The quote is one that UC Berkeley computer science professor Stuart Russell likes to share when giving talks about the future of artificial intelligence (AI). Like nuclear power before it, AI holds great transformative promise, he says. “If we build super-intelligent machines, it would—arguably—be the biggest event in the history of the human race.” Unfortunately, he also warns, when it comes to anticipating the risks posed by new technologies, we humans “don’t have a great track record.”

Russell has devoted his career to making machines smarter, “because smart computers are better,” he says, “and dumb computers are annoying—as we all know.” A professor at UC Berkeley since 1986 and former chair of the electrical engineering and computer science department, he has worked on such robot-enlightening topics as metareasoning, the collision of logic and probability, and inverse reinforcement learning.

Up until recently, Russell explains, the main focus of AI research has been to build intelligence without regard to repercussions. Now, spurred by accelerating advancements in the field, a growing number of prominent businesspeople and scientists, including Bill Gates, Elon Musk, and Stephen Hawking, have declared that the risks posed by AI are real, significant, and need to be addressed now.

At issue is what’s known as “the singularity”—the moment when machines usurp our comfortable seat atop the intelligence pyramid. Some futurists view this event as cause for celebration; super-intelligent robots could one day solve the pressing problems of our time and take over tasks we abhor. But there are reasons to worry. For example, consider a machine that “doesn’t want to be switched off, doesn’t exactly share your values, and is much more intelligent than you are,” Russell offers. “It’s pretty clear that’s a problem.”

With world militaries funding research into autonomous weapons, human extermination by misanthropic robots seems creepily plausible—but machines wouldn’t necessarily have to be malevolent to be harmful. Oxford University philosopher Nick Bostrom recently posited one such hypothetical scenario: a super-intelligent paper-clip manufacturing robot that discovers an efficient way to turn everything into a giant paperclip factory—the whole world, in fact.
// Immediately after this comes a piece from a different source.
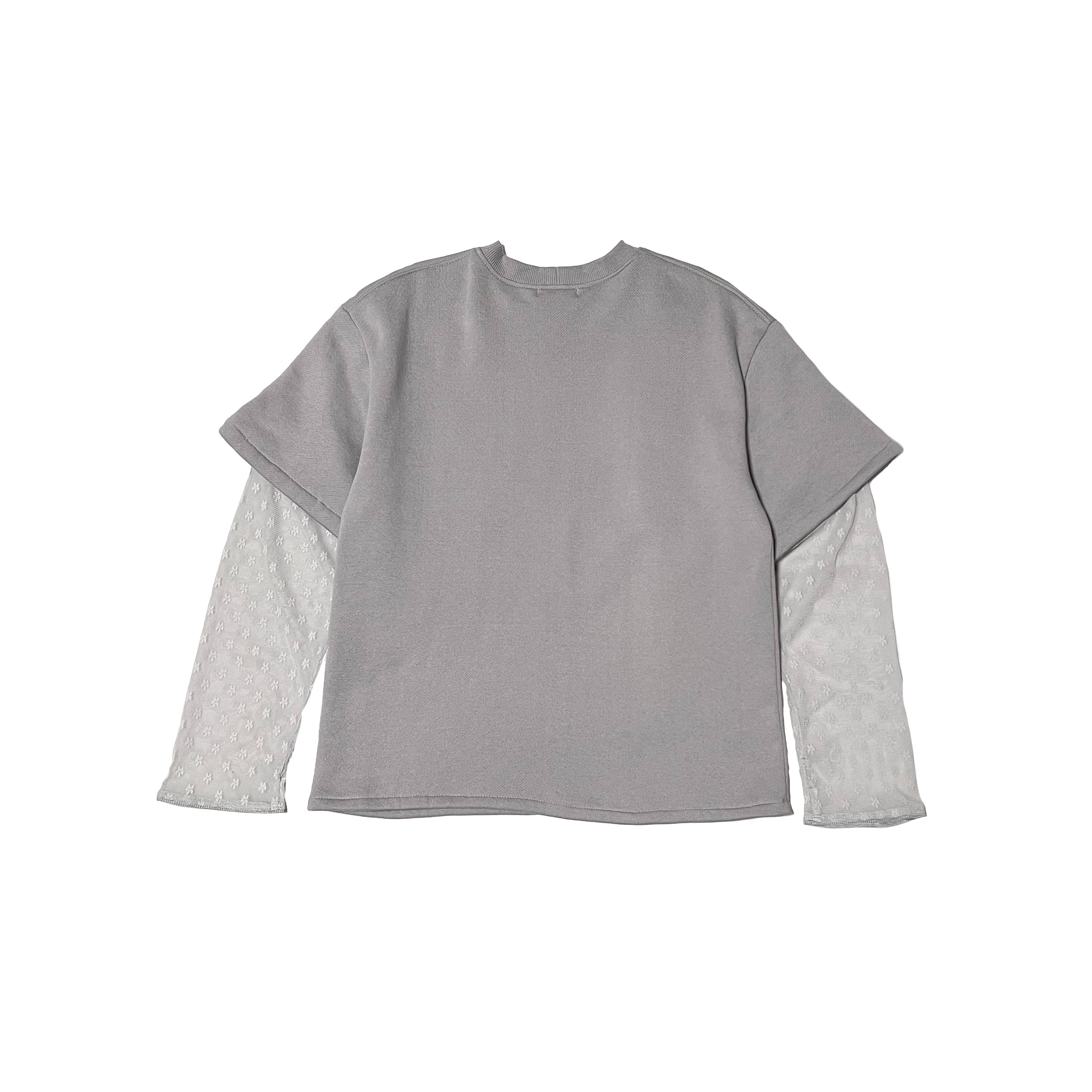 裏起毛の半袖ボディに袖が花柄のレースになっている

The key to ensuring human-friendly AI, Russell believes, is developing machines that share our values. Ultimately, machines may learn values much the way we do, through observation.
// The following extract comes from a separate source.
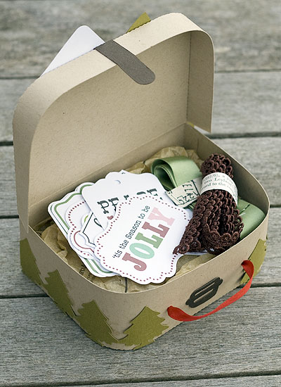 1. Both such cute ideas! Love Amanda’s little tree border added to the suitcase and the idea of filling it with print and cuts as a gift for a crafty friend. 🙂 And Corri’s Santa pillow box and Snowman treat topper are adorable–They make such an adorable pair! 🙂

“There’s a huge amount of information available about how humans behave and how they value behavior,” Russell says, “because everything we write about, every newspaper story, novel, and movie are about what people do and what people think about what those people do.” If we develop machines that can understand those materials, he suggests, “a system could learn a lot about what humans value.”

In the past, many scientists in the AI field have been dismissive of doomsday prognostications, viewing them as uninformed and overblown, says Russell. But “the community is starting to understand that we need to take ourselves more seriously and recognize that artificial intelligence can have a big impact on the human race.”

Although most estimates put human-level AI at several decades away, Russell believes that procrastination will risk repeating the mistakes of the past.

“If someone said a 50-mile-wide asteroid is going to hit the Earth in 75 years’ time, you wouldn’t say, ‘Oh well, we don’t need to worry about it now. Come back when it’s a few miles away.’ You would start working on solutions right now.”